Next Steps for TKM-EBOLA

Since TKM-EBOLA, as a treatment for a disease in which controlled human studies are ethically or practically impossible, is being developed under the Animal Rule, this phase I study will not only have to demonstrate adequate safety, but more importantly yield pharmacokinetic and potentially biomarker data that replicates what is seen in the successful treatment of the pre-clinical animal models of the infection. At the same time, it may be worth trying to test the limits of how long treatment can be delayed after symptom onset in the animal models as a common criticism of these studies is that in the real world it may take some time before Ebola victims are identified and treated. In The Lancet studies, rhesus monkeys received first treatments already 30 minutes after exposure to the virus which may model a needle stick scenario in an Ebola research laboratory, but not exposure of the civilian population e.g. in a subway system. Similarly, achieving similar pre-clinical efficacies with 1mg/kg as with the tested 2mg/kg dose in The Lancet studies may bring it more in line with the clinical SNALP safety experience so far. On the manufacturing front, it would be helpful if Tekmira succeeded in providing SNALP in lyophilized form which would increase its utility in the field.
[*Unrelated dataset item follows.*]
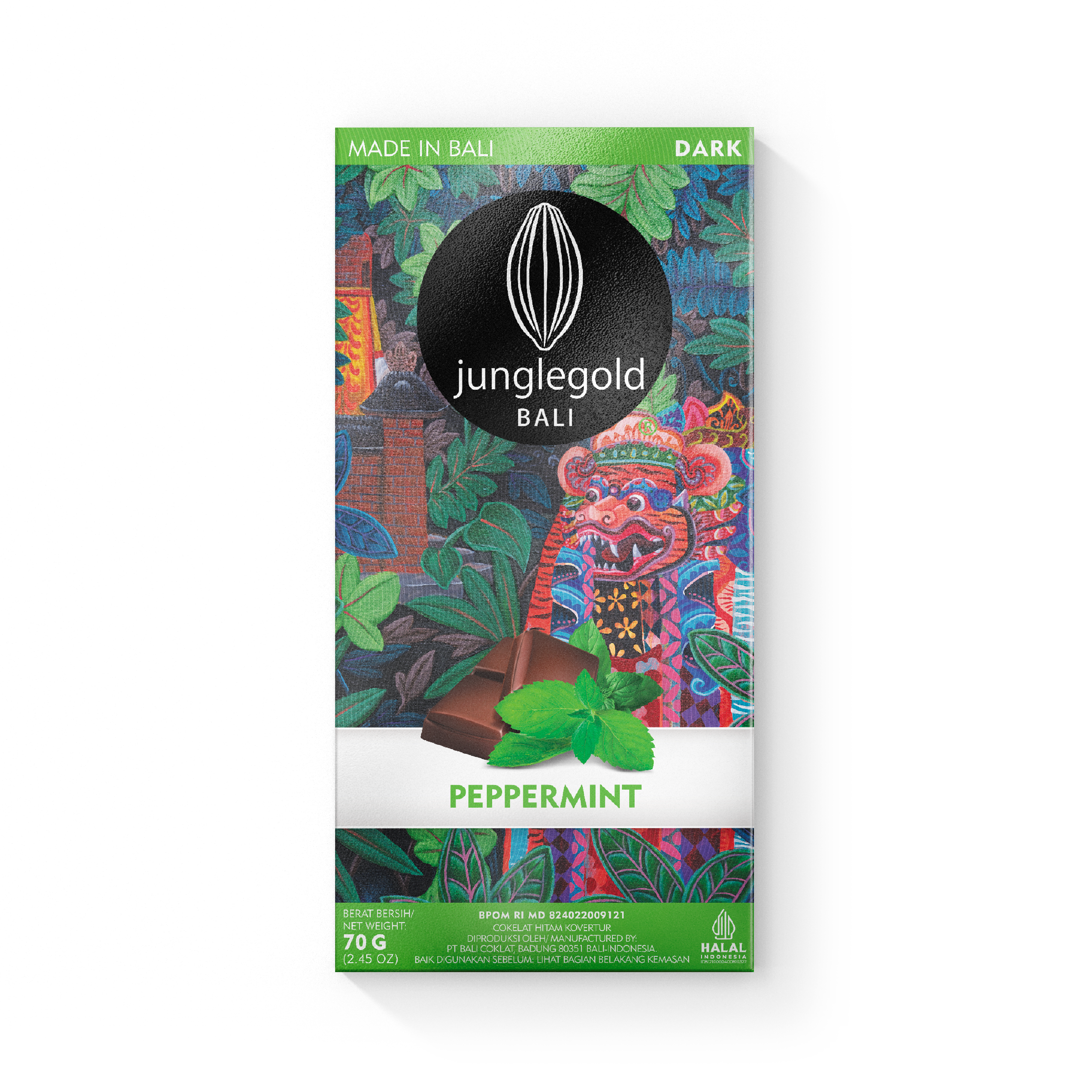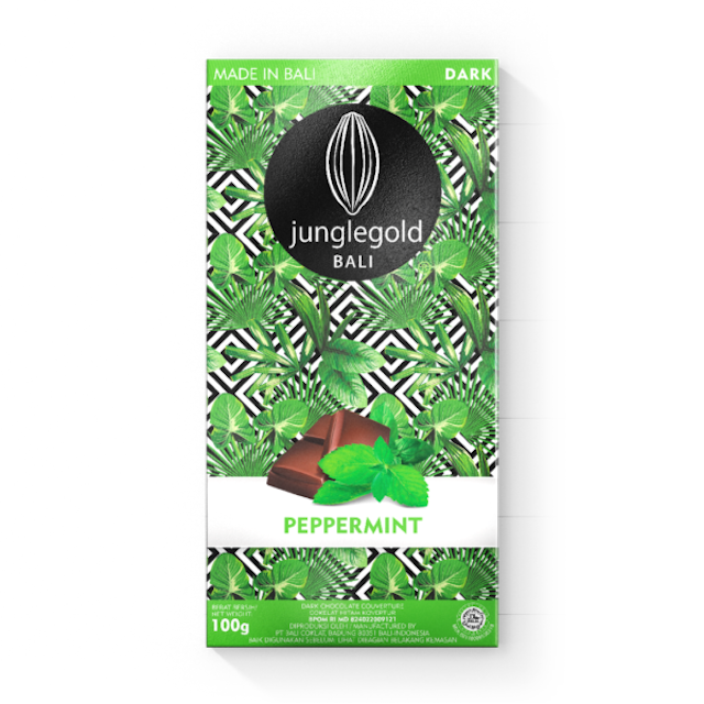 Cokelat Peppermint ini dibuat dengan kakao mass 64% dari Indonesia, dipadukan dengan gula kelapa lokal yang rendah glikemik, lesitin kedelai, dan minyak peppermint alami. Penggunaan gula kelapa ini menjadi pilihan yang lebih sehat dibandingkan gula rafinasi biasa. Junglegold juga sangat mengedepankan praktik pertanian yang berkelanjutan dan etis, dengan sumber kakao lokal dari petani skala kecil di seluruh Indonesia. Mereka bahkan bekerja langsung dengan petani untuk memastikan kualitas biji kakao terbaik dan memberikan harga premium, serta dukungan teknis. Proses pembuatan cokelat mereka yang "bean-to-bar" (dari biji hingga batangan) dapat dilihat langsung di pabrik mereka di Bali, mulai dari pemanggangan hingga pencetakan.

On the other hand, the fact that the rhesus model seems to closely replicate, if not represent a particularly severe form of the human disease, and the absence of a (experimental) therapy for Ebola that has shown comparable promise, should position TKM-EBOLA well for stockpiling despite any lingering real-world concerns. From an Army point-of-view, as long as it has been shown to be safe and well tolerated in humans, having the most promising treatment as a stand-by for a virus as deadly as Ebola is better than nothing at all, a consideration that may result in stockpiling even before, or in the absence of FDA licensure.
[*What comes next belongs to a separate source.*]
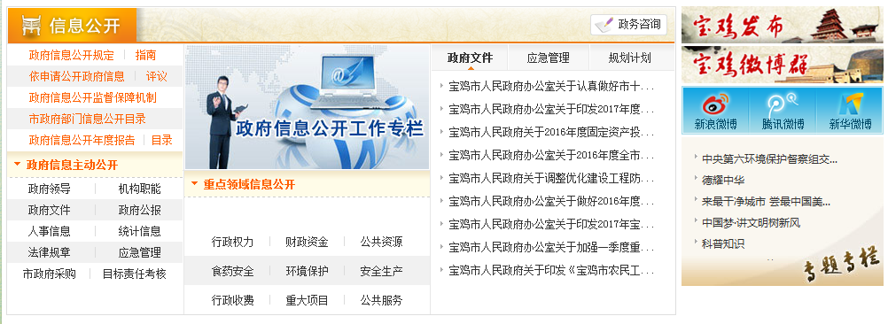 3.圍繞民生改善推進(jìn)公開(kāi)。市級(jí)民生領(lǐng)域各部門(mén)按照職責(zé)分工,大力推進(jìn)精準(zhǔn)脫貧、社會(huì)救助、就業(yè)創(chuàng)業(yè)、棚戶(hù)區(qū)和農(nóng)村危房改造、環(huán)境保護(hù)、教育、科技、衛(wèi)生、食品藥品安全、戶(hù)籍政策等信息公開(kāi)。市扶貧辦在全省率先建立脫貧攻堅(jiān)信息管理平臺(tái),集“庫(kù)”、“管”、“算”三大功能于一體,做到貧困戶(hù)基本情況、致貧原因、幫扶責(zé)任、脫貧路徑、脫貧效果和脫貧時(shí)間“一表清”。目前,平臺(tái)已錄入相關(guān)數(shù)據(jù)812萬(wàn)條,采集圖像信息9.4萬(wàn)張,形成全市貧困人口基本數(shù)據(jù)庫(kù)、脫貧攻堅(jiān)基礎(chǔ)資料庫(kù)等,通過(guò)平臺(tái)實(shí)現(xiàn)了上下互動(dòng)、精準(zhǔn)管理,相關(guān)部門(mén)還可以通過(guò)平臺(tái)進(jìn)行多角度大數(shù)據(jù)分析計(jì)算,為市委、市政府精準(zhǔn)脫貧工作決策提供科學(xué)依據(jù)。開(kāi)發(fā)了全市幫扶責(zé)任人手機(jī)APP客戶(hù)端,發(fā)布公開(kāi)各類(lèi)政策文件、扶貧日志信息等4萬(wàn)余條,通過(guò)各級(jí)新聞媒體報(bào)道我市脫貧攻堅(jiān)工作170多篇(次),營(yíng)造了濃厚的社會(huì)氛圍。市人社局加大了全市促進(jìn)就業(yè)創(chuàng)業(yè)政策、措施的公開(kāi)力度,在門(mén)戶(hù)網(wǎng)站開(kāi)設(shè)“就業(yè)創(chuàng)業(yè)”專(zhuān)欄,每周定期發(fā)布全市招聘信息,并開(kāi)發(fā)了就業(yè)創(chuàng)業(yè)培訓(xùn)網(wǎng)上報(bào)名系統(tǒng)。開(kāi)通“寶雞人社12333”微信,拓展手機(jī)端服務(wù)渠道,目前已實(shí)現(xiàn)信息發(fā)布、社會(huì)保障卡、社會(huì)保險(xiǎn)權(quán)益查詢(xún)、職工養(yǎng)老保險(xiǎn)和居民醫(yī)療保險(xiǎn)繳費(fèi)等28種公共服務(wù),方便群眾辦理。市科技局實(shí)施科技經(jīng)費(fèi)陽(yáng)光監(jiān)管,建立健全科研項(xiàng)目和資金管理信息公開(kāi)機(jī)制,按照“全程覆蓋、環(huán)節(jié)公開(kāi)”的基本要求,規(guī)范“三審一決策”的項(xiàng)目立項(xiàng)制度,切實(shí)抓好科研項(xiàng)目立項(xiàng)信息公開(kāi)、過(guò)程信息公開(kāi)和結(jié)題驗(yàn)收信息公開(kāi),將科技項(xiàng)目經(jīng)費(fèi)預(yù)算安排、項(xiàng)目申報(bào)受理情況、評(píng)審后擬立項(xiàng)項(xiàng)目名單、經(jīng)費(fèi)撥付情況等所有環(huán)節(jié)通過(guò)“陽(yáng)光工程”網(wǎng)站予以發(fā)布。

In that regard, TKM-EBOLA will be mainly competing with AVI Biopharma’s morpholino antisense candidate AVI-6002 which is being developed under an essentially identical contract with the DoD. A Nature Medicine paper published last year reported that this candidate was successful in rescuing ~60% of infected rhesus macaques, although this represents a roughly 3-fold increase in risk of dying compared to the highly comparable SNALP studies in The Lancet. Nevertheless, AVI Biopharma still enjoys a slight time advantage as it has already begun phase I safety studies earlier this year. A late-October 2011 update by AVI stated that treatment in the first 5 of 6 dose-escalating cohorts was well tolerated and that the Data Safety Monitoring Board recommended further escalation to the last 9mg/kg cohort. Nevertheless, once years behind the AVI program, Tekmira has done well catching up with the competition.

Importance beyond TKM-EBOLA

Besides representing an invaluable strategic asset for Tekmira (it is earning the company significant hard cash now and revenues from stockpiling may come well ahead of the customary 5-10 years it usually takes a normal drug to navigate the FDA approval maze), the approval of the IND further demonstrates that SNALP is indeed the productive delivery platform that also I have long had hopes for it to be, with applications not only for knockdown in the liver and solid cancers, but also phagocytic cells (an important target cell population for the Ebola indication). It is also a stamp of approval by various regulatory agencies around the world that SNALP (including reliable manufacturing) is fit for clinical development. An IND for ALN-TTR02 and phase I results for ALN-PCS02 are next.

Comment on Roche Partnership with PTC

Roche disclosed today that it has signed a collaboration with PTC Therapeutics for the treatment of Spinal Muscular Atrophy, including a $30M upfront fee for pre-clinical assets. This follows a similar deal by AstraZeneca and PTC in oncology earlier this year. PTC develops a platform for the modulation of post-transcriptional processes using orally available small molecules.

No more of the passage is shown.